当前位置:网站首页>Improve reduce parallelism in shuffle operation
Improve reduce parallelism in shuffle operation
2022-07-26 05:07:00 【Shangsilicon Valley iron powder】
When scheme one and scheme two have no good effect on data skew processing , Consider improving shuffle In process reduce End parallelism ,reduce The improvement of end parallelism increases reduce End task The number of , Then each task The amount of data allocated will be reduced accordingly , This alleviates the problem of data skew .

Big data training
- reduce Setting of end parallelism
In most of shuffle In operator , You can pass in a parallel setting parameter , such as reduceByKey(500), This parameter will determine shuffle In the process reduce End parallelism , It's going on shuffle During operation , It will create a specified number of reduce task. about Spark SQL Medium shuffle Class statement , such as group by、join etc. , You need to set a parameter , namely spark.sql.shuffle.partitions, This parameter represents shuffle read task Parallelism of , The default value is 200, It's a little too small for many scenes .
increase shuffle read task The number of , Could have been assigned to a task The multiple key To assign to more than one task, So that each task Processing less data than before . for instance , If there were 5 individual key, Every key Corresponding 10 Data , this 5 individual key It's all assigned to one task Of , So this task We have to deal with 50 Data . And added shuffle read task in the future , Every task Just assign to one key, each task Will deal with 10 Data , So naturally each task The execution time will be shorter .
- reduce There are some defects in the setting of end parallelism
Improve reduce End parallelism does not fundamentally change the nature and problem of data skew ( Schemes 1 and 2 fundamentally avoid the occurrence of data skew ), Just try to alleviate and lighten as much as possible shuffle reduce task Data pressure , And the problem of data skew , Apply to have more key The corresponding amount of data is relatively large .
This solution usually can't completely solve data skew , Because if there are some extremes , For example, a certain key The corresponding amount of data is 100 ten thousand , So no matter your task What's the increase in quantity , This corresponds to 100 Million data key I'm sure there will still be one task To deal with , So data skew is bound to happen . So this solution can only be said to be the first way to try to use when finding data skew , Try to ease the data skew in a simple way , Or it can be used in combination with other schemes .
In an ideal situation ,reduce After the end parallelism is improved , It will alleviate the problem of data skew to a certain extent , Even basically eliminate data skew ; however , In some cases , Will only let the original data skew and slow down task Speed up a little bit , Or avoid some of them task Of OOM problem , however , Still running slowly , here , Give up plan 3 in time , Start to try the later solution .
边栏推荐
- Redis solves the problem of oversold inventory
- Full analysis of domain name resolution process means better text understanding
- The importance of supporting horizontal expansion of time series database
- Nacos 介绍和部署
- C语言力扣第41题之缺失的第一个正数。
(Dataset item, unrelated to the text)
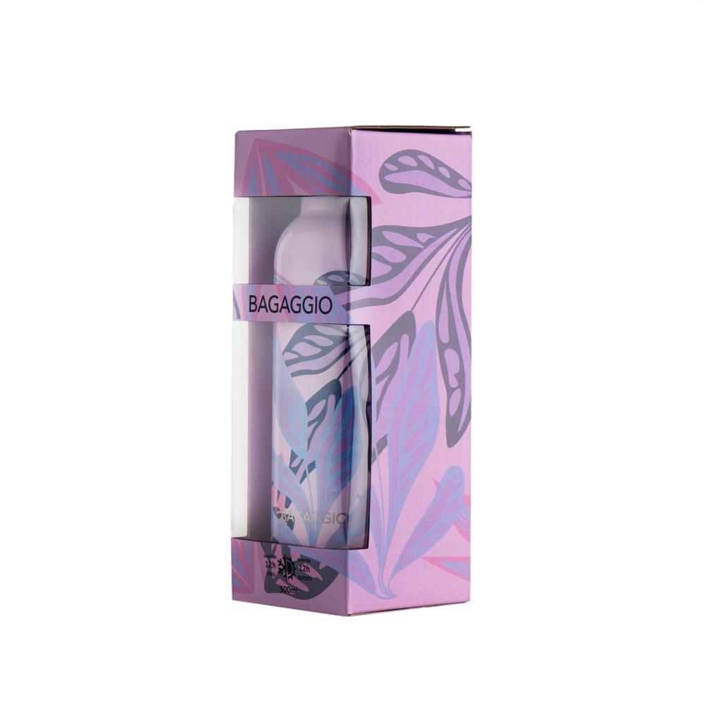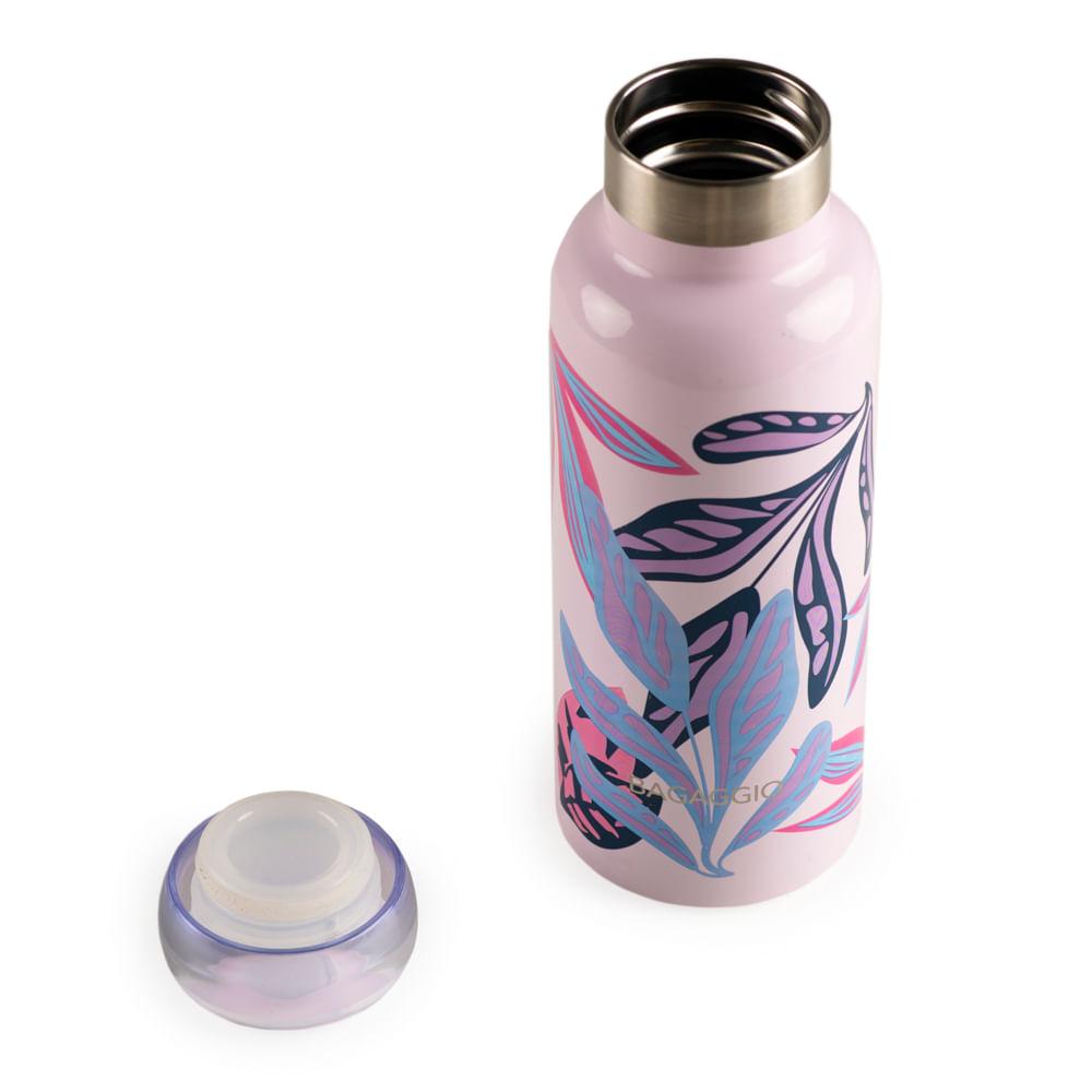 Garrafa Térmica 500ml Estampa Folhagens Tampa Silicone Rosa

两种方法,预处理快排与原地哈希
- [mathematical modeling] analytic hierarchy process (AHP)
- There was an unexpected error (type=method not allowed, status=405)
- SWAT模型在水文水资源、面源污染模拟中的实践技术
- 基于遥感解译与GIS技术环境影响评价图件制作
- 面试之请详细说下synchronized的实现原理以及相关的锁
猜你喜欢

Embedded sharing collection 21

minipcie接口CAN卡解决工控机扩展CAN通道的难题 minipcie CAN
![[mathematical modeling] analytic hierarchy process (AHP)](/img/20/8ebd951a0e0c46d1967c6c8b078a4a.png)
[mathematical modeling] analytic hierarchy process (AHP)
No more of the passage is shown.